DATASET EXCERPTS ::
'''

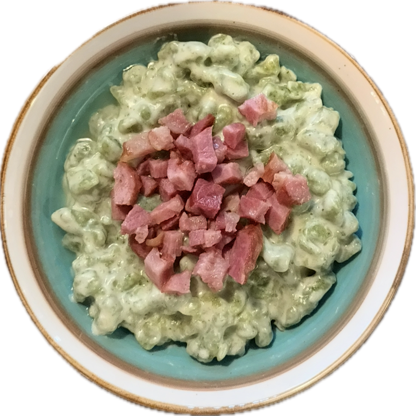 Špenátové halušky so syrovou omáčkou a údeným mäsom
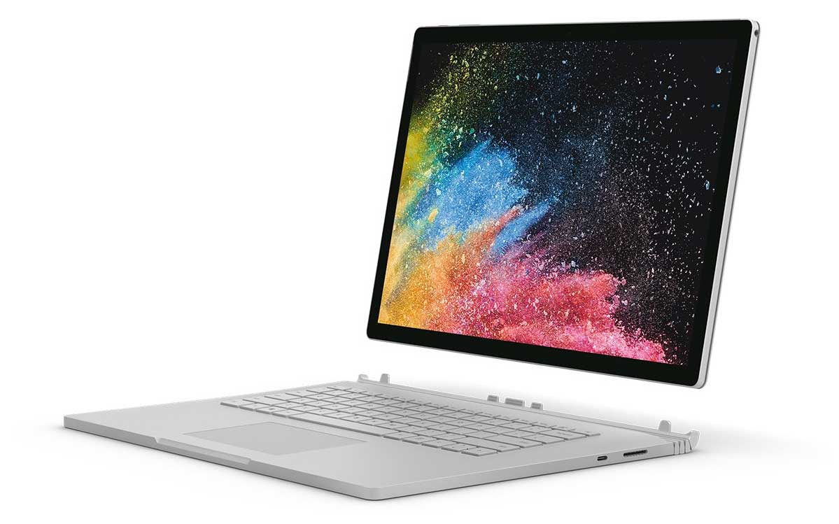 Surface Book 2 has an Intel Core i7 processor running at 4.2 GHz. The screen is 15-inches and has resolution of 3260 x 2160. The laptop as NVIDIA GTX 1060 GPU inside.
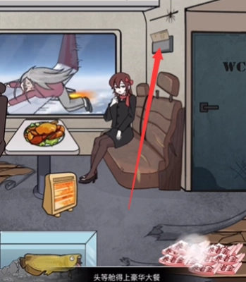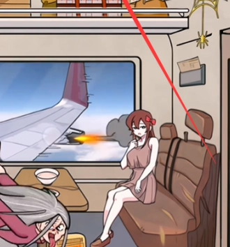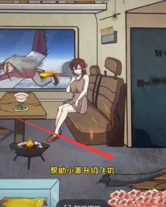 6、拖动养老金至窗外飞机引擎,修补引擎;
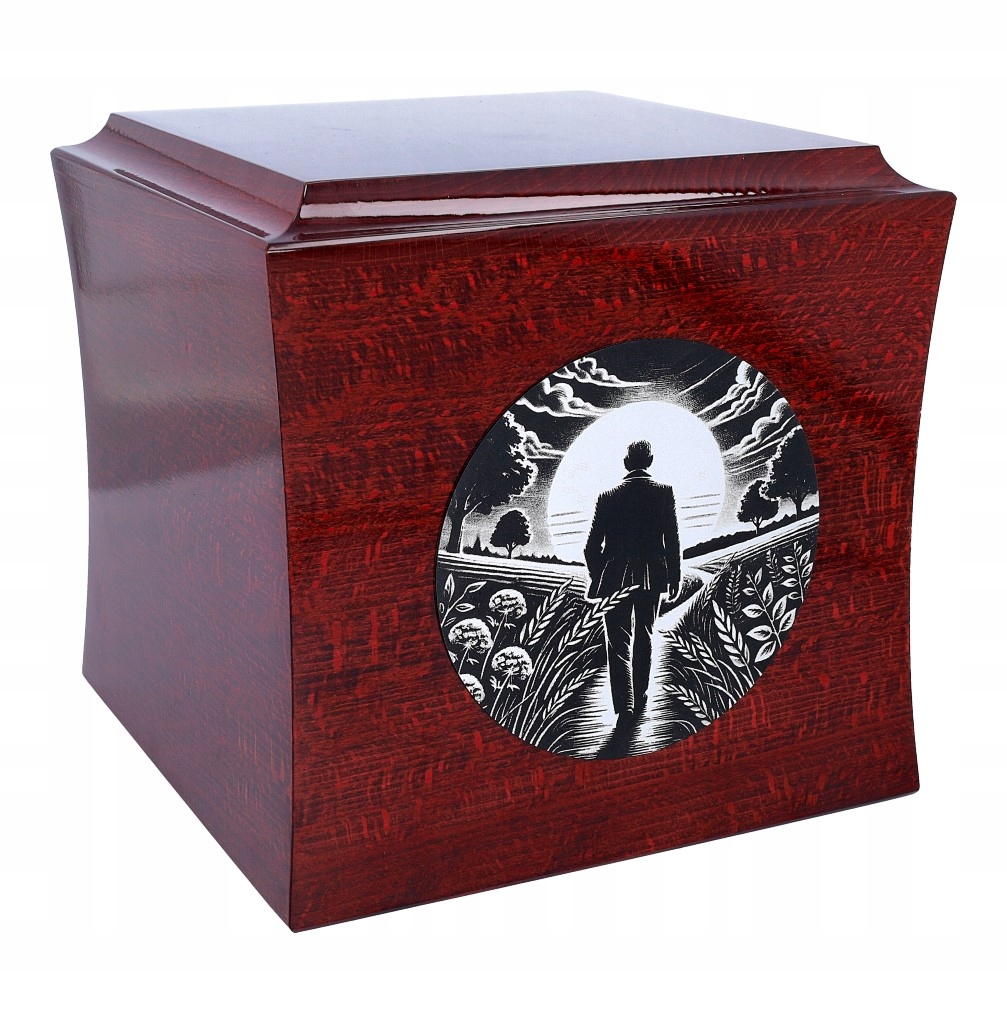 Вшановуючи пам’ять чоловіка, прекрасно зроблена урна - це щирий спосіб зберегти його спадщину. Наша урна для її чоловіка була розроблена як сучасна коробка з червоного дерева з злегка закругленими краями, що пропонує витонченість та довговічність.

'''
'''

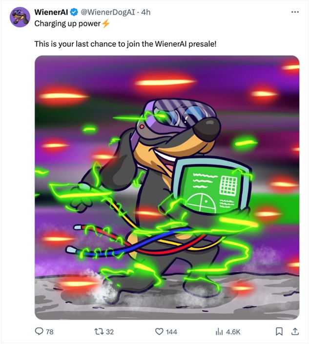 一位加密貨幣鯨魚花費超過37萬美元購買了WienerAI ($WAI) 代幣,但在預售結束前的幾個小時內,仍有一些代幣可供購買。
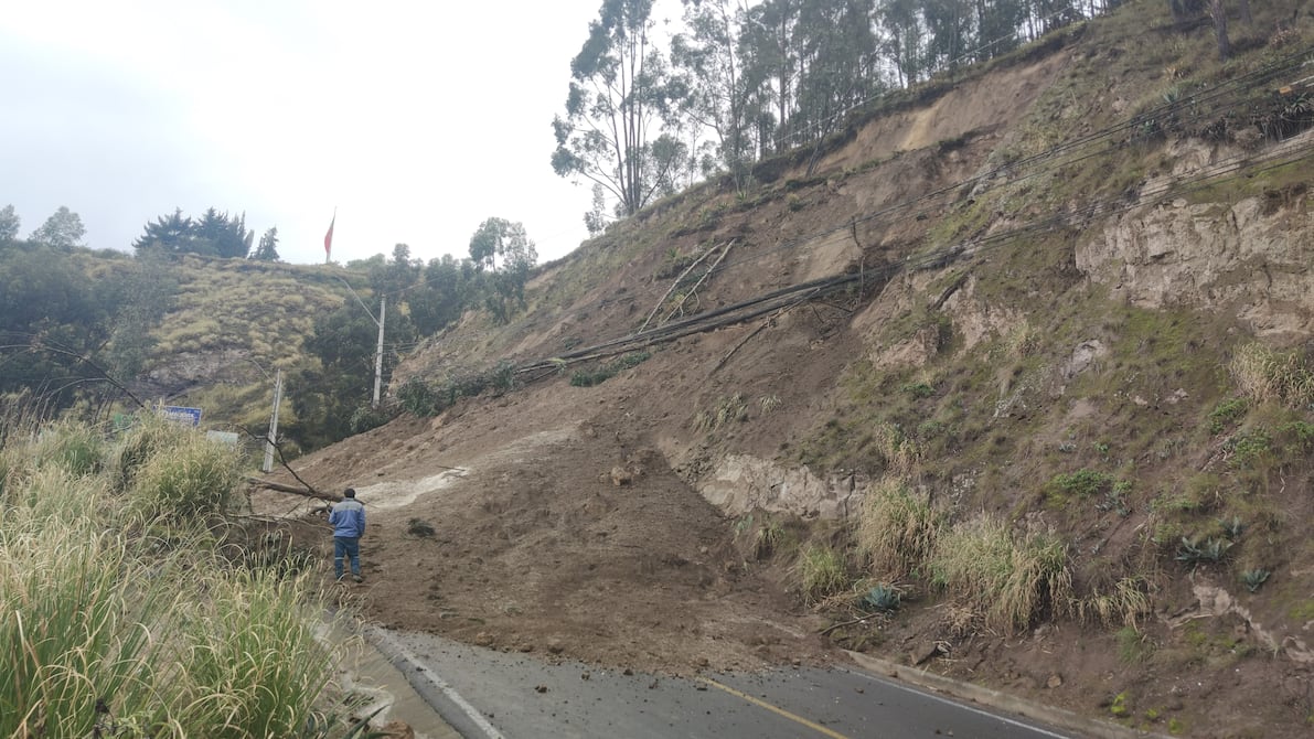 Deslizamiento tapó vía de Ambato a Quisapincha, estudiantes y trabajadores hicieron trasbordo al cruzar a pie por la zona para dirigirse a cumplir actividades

'''
'''

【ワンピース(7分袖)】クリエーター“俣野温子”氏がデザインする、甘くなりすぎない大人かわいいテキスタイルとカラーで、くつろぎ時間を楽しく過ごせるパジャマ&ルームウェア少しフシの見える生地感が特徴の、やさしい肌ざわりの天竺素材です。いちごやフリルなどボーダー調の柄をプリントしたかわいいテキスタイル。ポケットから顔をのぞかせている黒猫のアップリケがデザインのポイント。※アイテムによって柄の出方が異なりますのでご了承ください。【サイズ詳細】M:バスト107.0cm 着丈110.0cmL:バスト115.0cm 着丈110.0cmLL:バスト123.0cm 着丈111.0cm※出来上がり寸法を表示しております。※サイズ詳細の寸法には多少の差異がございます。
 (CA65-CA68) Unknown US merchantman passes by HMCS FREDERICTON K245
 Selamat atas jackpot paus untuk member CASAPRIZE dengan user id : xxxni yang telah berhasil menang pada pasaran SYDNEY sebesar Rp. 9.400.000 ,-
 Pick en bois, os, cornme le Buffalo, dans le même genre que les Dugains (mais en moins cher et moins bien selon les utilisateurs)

'''

EXERCISE BRIEF ::
Taking the entries above, extract every line from the one bearing "Špenátové halušky so" through the one bearing "Вшановуючи пам’ять чоловіка, прекрасно", exactly, with no pictures.

ANSWER TO THIS TASK ::
 Špenátové halušky so syrovou omáčkou a údeným mäsom
 Surface Book 2 has an Intel Core i7 processor running at 4.2 GHz. The screen is 15-inches and has resolution of 3260 x 2160. The laptop as NVIDIA GTX 1060 GPU inside.
 6、拖动养老金至窗外飞机引擎,修补引擎;
 Вшановуючи пам’ять чоловіка, прекрасно зроблена урна - це щирий спосіб зберегти його спадщину. Наша урна для її чоловіка була розроблена як сучасна коробка з червоного дерева з злегка закругленими краями, що пропонує витонченість та довговічність.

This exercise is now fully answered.